A DUE PASSI DA ME

A due passi da me la mia faccia, la stessa di sempre ma che oggi si specchia sui vetri della finestra di una camera d’albergo. L’albergo sa di salsedine e sudore, costruito troppo vicino al mare, quasi dentro al mare come un faro per i marinai sperduti.
Questo luogo d’illusioni estive, di bambini piagnucolosi, madri isteriche e padri sfatti, di costumi bagnati e suonatori di ukulele è il posto ideale per mettere un po’ d’ordine nella mia frastagliata esistenza.

La vita di un inviato non è fatta d’ordine, scrivo di guerre acide e polverose che con l’ordine non hanno nulla a che fare. Arrivo lì dove la storia non ha scrittura ma solo gesti e facce, e a certe latitudini ti accettano o ti uccidono solo guardando la tua espressione. Perché l’anima è solida ma la faccia è come la porta di casa sempre aperta.
La mia faccia in guerra è stata il mio passaporto, un prezioso salvacondotto. Ne ho visti di volti, gonfi, tinti di rosso, di adulti e bambini, mutilati e senza scarpe. Alcuni saranno difficili da dimenticare affidati alla mia memoria come cicatrici infette. È un lavoro rischioso il mio, sempre a inseguire le notizie senza pensare al pericolo o ai cecchini su tetti assolati perché la rotativa è già in moto e non può aspettare. Vado a passo veloce per dominare la paura e nascondo le emozioni nelle pagine sciupate del mio taccuino. Eppure, a ogni ritorno, è lo spaesamento che ti porti dentro come una mina inesplosa a rendere vulnerabile anche il più esperto dei corrispondenti di guerra.

«Qual è la mia faccia?», domando al mio analista, ma lo specchio magico della psicoanalisi tace e nessun conforto mi arriva dal suo riflesso. “… le facce degli uomini non stanno mai ferme, sono come antenne”, scrive David Foster Wallace, “ma l’unica cosa che fanno è spostarsi da una configurazione all’altra di pura inespressività”.
E allora li ho guardati gli uomini dell’opulenta civiltà occidentale, ho sfiorato le loro antenne insoddisfatte e rabbiose, ho visto le loro facce perdersi nelle crepe del quotidiano a inseguire la sazietà sempre a due passi da loro.
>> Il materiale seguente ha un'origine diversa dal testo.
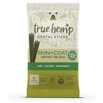 Nothing says ‘True Hemp™ SKIN+COAT’ like soft skin and a shiny coat! This formulation contains a blend of ingredients in a dental-stick format to help keep teeth clean and also provide Omega 3 essential fatty acids, which play a critical role in normal skin function and appearance.

Li ho visti sprofondare nell’aria pesante e immobile dei loro destini mentre io, sopraffatto da un osceno senso d’ingiustizia, cercavo una via d’uscita. Ma più mi allontanavo dalla realtà più l’orrore della guerra prendeva in ostaggio la mia vita. E se nelle metropoli di cristallo un’umanità svogliata e senza interesse consuma mediocrità e cibo in scatola, io ho scelto di raccontare le atrocità dai più remoti angoli della terra. Ho cercato di incastrare quella troia bugiarda che è la verità, ho implorato risposte che non sono arrivate e lasciato dietro di me spettri di città in attesa dell’ultima incursione.
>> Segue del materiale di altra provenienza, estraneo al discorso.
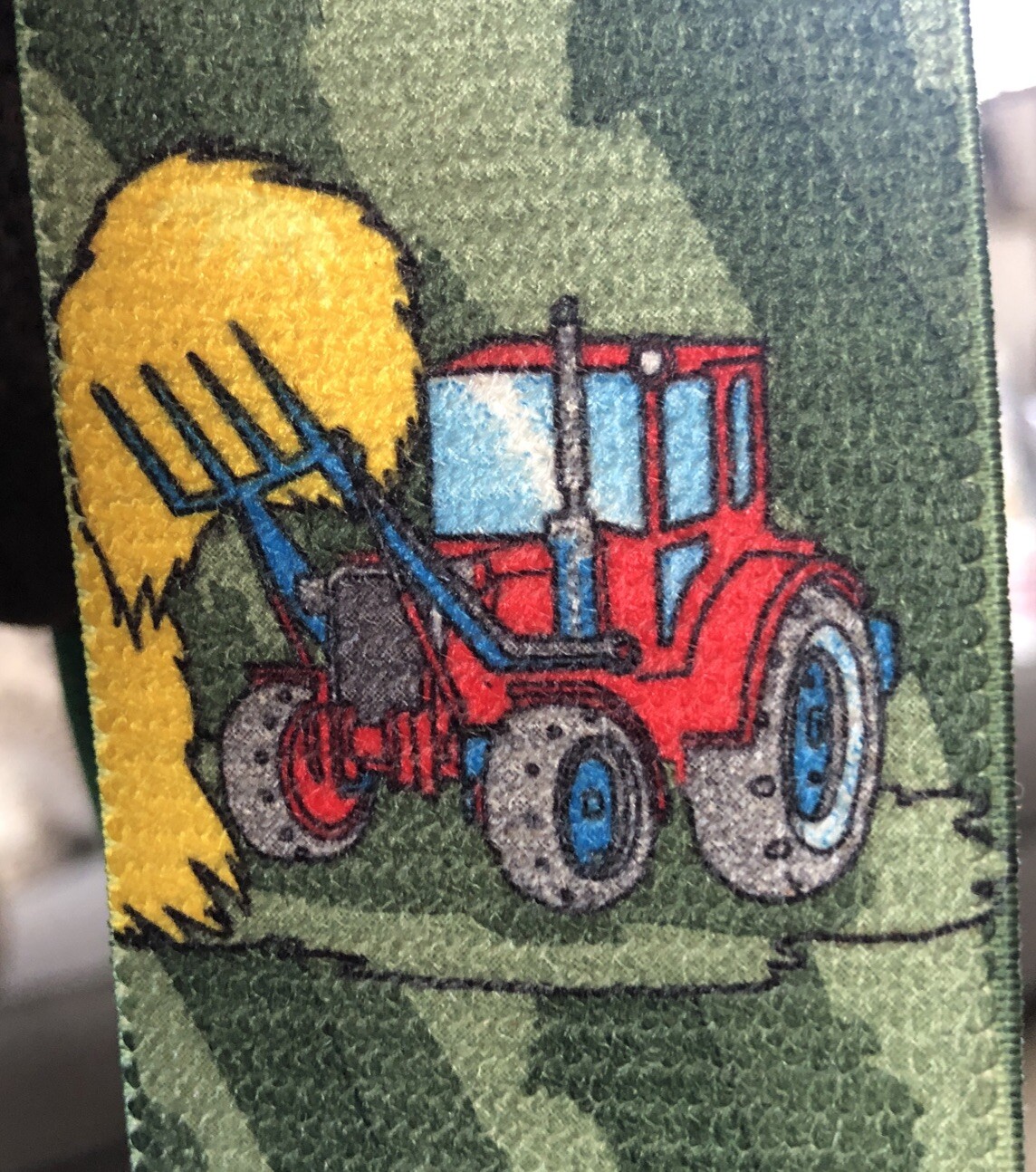 Green Adjustable Suspenders with Red Tractors 2 Straps Made in the USA

Oggi la mia faccia non ha più espressione ma è glassa aliena sui corpi sfatti di chi ho abbandonato e visto morire.
Tra queste mura sigillate da respiri stantii ho confinato le mie ore in attesa del prossimo taccuino da riempire, del prossimo elmetto da indossare. Intanto scrivo. Scrivo per dare nome e memoria ai tanti volti che ho incontrato. Anch’io ho un nome ma il mio poco importa, perché in questa camera di un albergo troppo vicino al mare, quasi dentro al mare, un’anonima umanità prende vita mentre la storia perde i nomi e le sue facce.